BYB will just keep on breeding
And ...
Rescuer keep on rescuing ???


----------



## mylissyk (Feb 25, 2007)

How many puppies total did the three females have? 16 left out of three litters, I seriously hope the "breeder" decides it did not generate enough income for the trouble and decides not to breed again.

There is a Dane rescue in North Texas, but I'm sure that's too far to transport puppies.


----------



## BeauShel (May 20, 2007)

bumping up


----------



## LOVEisGOLDEN (Jan 4, 2008)

how pitiful! I hope they are surrendered & find good homes.


----------



## Jackson'sMom (Oct 13, 2007)

I guess in this economy, not too many people are looking to adopt a puppy that will reach 100+ pounds. I think they should take the 'breeder' out and shoot HER, not the puppies.


----------



## KRayl (Aug 22, 2008)

T&T said:


> So ...
> BYB will just keep on breeding
> And ...
> Rescuer keep on rescuing ???



Exactly. I just.... I have no words. 

When will this ever end? What'll it take?


----------



## lablver2 (Aug 6, 2009)

http://www.ohiodanerescue.com/links/rgroups.htm

This is a list of nationwide rescues. Stay away from Gentle Giants Rescue in Southern California though as it is a very unreputable rescue.


----------



## marshab1 (Aug 28, 2006)

I hope some other rescues step in and help. that would be a huge drain on 1 rescue. I know puppies are easier to find homes for but that is still a lot of puppies. And as someone mentioned in today's economy...looking forward to feeding a 100+ pound dog will require a certain type of person. Hopefully with a stable job.

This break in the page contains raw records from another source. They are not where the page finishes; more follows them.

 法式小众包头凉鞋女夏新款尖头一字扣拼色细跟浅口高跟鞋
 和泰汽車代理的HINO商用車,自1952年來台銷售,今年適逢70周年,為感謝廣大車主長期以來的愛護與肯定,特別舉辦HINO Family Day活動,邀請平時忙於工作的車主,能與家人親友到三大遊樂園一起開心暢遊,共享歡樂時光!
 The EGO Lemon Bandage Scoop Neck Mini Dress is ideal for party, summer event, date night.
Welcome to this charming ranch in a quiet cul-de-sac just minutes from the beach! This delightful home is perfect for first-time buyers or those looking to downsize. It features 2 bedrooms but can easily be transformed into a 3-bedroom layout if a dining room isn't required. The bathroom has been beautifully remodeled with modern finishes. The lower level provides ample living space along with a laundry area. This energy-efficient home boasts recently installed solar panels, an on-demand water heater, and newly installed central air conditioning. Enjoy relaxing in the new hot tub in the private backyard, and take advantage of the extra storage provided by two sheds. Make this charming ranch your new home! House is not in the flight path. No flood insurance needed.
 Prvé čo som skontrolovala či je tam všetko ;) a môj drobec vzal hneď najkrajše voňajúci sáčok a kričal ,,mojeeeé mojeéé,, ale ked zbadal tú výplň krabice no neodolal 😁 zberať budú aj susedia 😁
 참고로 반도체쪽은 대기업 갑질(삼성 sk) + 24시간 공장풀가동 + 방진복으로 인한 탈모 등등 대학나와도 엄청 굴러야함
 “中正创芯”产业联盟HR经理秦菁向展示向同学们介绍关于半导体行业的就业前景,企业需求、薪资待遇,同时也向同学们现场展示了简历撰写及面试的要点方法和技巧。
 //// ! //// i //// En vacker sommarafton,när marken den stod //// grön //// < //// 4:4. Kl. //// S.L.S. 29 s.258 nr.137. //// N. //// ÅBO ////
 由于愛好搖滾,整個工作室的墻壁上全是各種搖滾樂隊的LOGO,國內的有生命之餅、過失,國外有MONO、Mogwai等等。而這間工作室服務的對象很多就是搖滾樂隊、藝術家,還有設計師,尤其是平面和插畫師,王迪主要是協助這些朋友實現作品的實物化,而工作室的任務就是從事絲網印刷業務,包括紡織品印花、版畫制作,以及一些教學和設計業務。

I went and picked up a bag of food for Tinkerbell today, the lady in front of me had a little yorkie she was buying food for. We were both buying Wellness Core and I have to say I liked her price of $12 better than my $58 price. lol


----------



## mylissyk (Feb 25, 2007)

This was from January. PG do you know what happened with the puppies?


----------